2 . The method according to claim 1 , wherein:
the plurality of ear-side signal measurement units comprise a left-ear-side signal measurement unit and a right-ear-side signal measurement unit, and an ear-side signal measurement unit is an electrode; and the determining whether an impedance between two of the plurality of ear-side signal measurement units is less than a preset threshold, collecting bioelectrical signals from the two ear-side signal measurement units when the impedance between the two ear-side signal measurement units is less than the preset threshold, and obtaining the user bioelectrical signal based on a potential difference signal corresponding to the bioelectrical signals collected by the two ear-side signal measurement units comprises:
determining whether an impedance between the left-ear-side signal measurement unit and the right-ear-side signal measurement unit is less than the preset threshold, and when the impedance between the left-ear-side signal measurement unit and the right-ear-side signal measurement unit is less than the preset threshold, obtaining the user bioelectrical signal based on a potential difference signal corresponding to a bioelectrical signal measured by the left-ear-side signal measurement unit and a bioelectrical signal measured by the right-ear-side signal measurement unit.
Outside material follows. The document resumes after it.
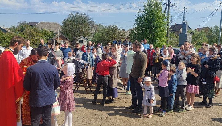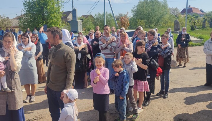 On May 14, 2023, in Boyarka, Kyiv region, more than a hundred parishioners of the UOC prayed in the open air in front of the seized St. Michael's Church, reports the Telegram channel "DOZOR on Kozak 1".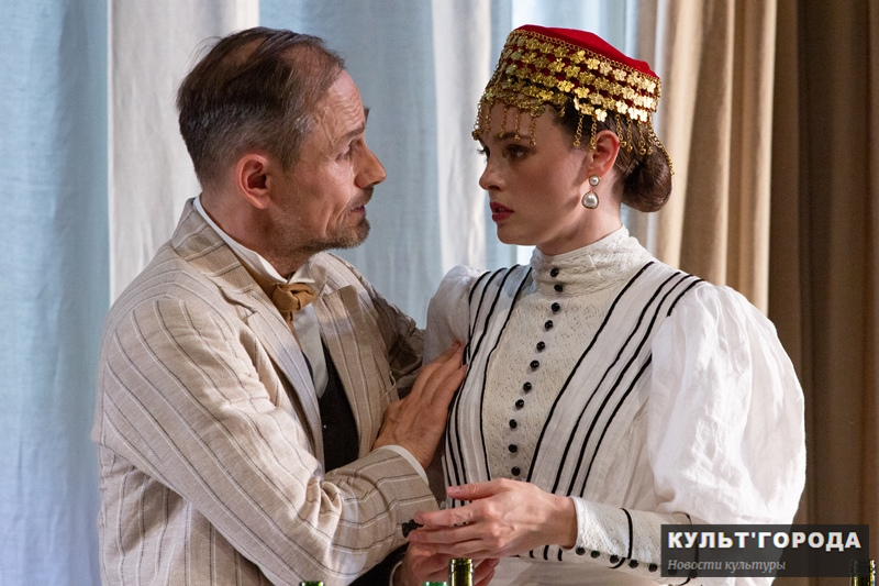 CULTGORODA_3259 09.06.2022 800 × 533 Театр Сатиры готовит премьеру спектакля «Дядя Жорж» Сергей Шнырев и Ангелина Стречина (2022) Фото из спектакля «Дядя Жорж» Театра Сатиры. Режиссер Сергей Газаров. Премьера 9 и 10 июня 2022 года. Фото: Антон Романов

3 . The method according to claim 1 , wherein:
the ear-side wearing apparatus is a single-ear-side wearing apparatus, and the plurality of ear-side signal measurement units comprise a plurality of single-ear-side signal measurement units; and the determining whether an impedance between two of the plurality of ear-side signal measurement units is less than a preset threshold, collecting bioelectrical signals from the two ear-side signal measurement units when the impedance between the two ear-side signal measurement units is less than the preset threshold, and obtaining the user bioelectrical signal based on a potential difference signal corresponding to the bioelectrical signals collected by the two ear-side signal measurement units comprises:
determining whether an impedance between two of the plurality of single-ear-side signal measurement units is less than the preset threshold, and when the impedance between the two single-ear-side signal measurement units is less than the preset threshold, obtaining the user bioelectrical signal based on a potential difference signal corresponding to bioelectrical signals collected by the two single-ear-side signal measurement units.
4 . The method according to claim 2 , wherein the method comprises:
when there are a plurality of left-ear-side signal measurement units and a plurality of right-ear-side signal measurement units, and when an impedance between one of the left-ear-side signal measurement units and one of the right-ear-side signal measurement units is greater than the preset threshold, determining whether an impedance between two of the plurality of left-ear-side signal measurement units is less than the preset threshold and whether an impedance between two of the plurality of right-ear-side signal measurement units is less than the preset threshold; and obtaining the user bioelectrical signal based on a potential difference signal corresponding to bioelectrical signals measured by two bioelectrical measurement apparatuses that are on one ear canal side and between which an impedance is less than the preset threshold.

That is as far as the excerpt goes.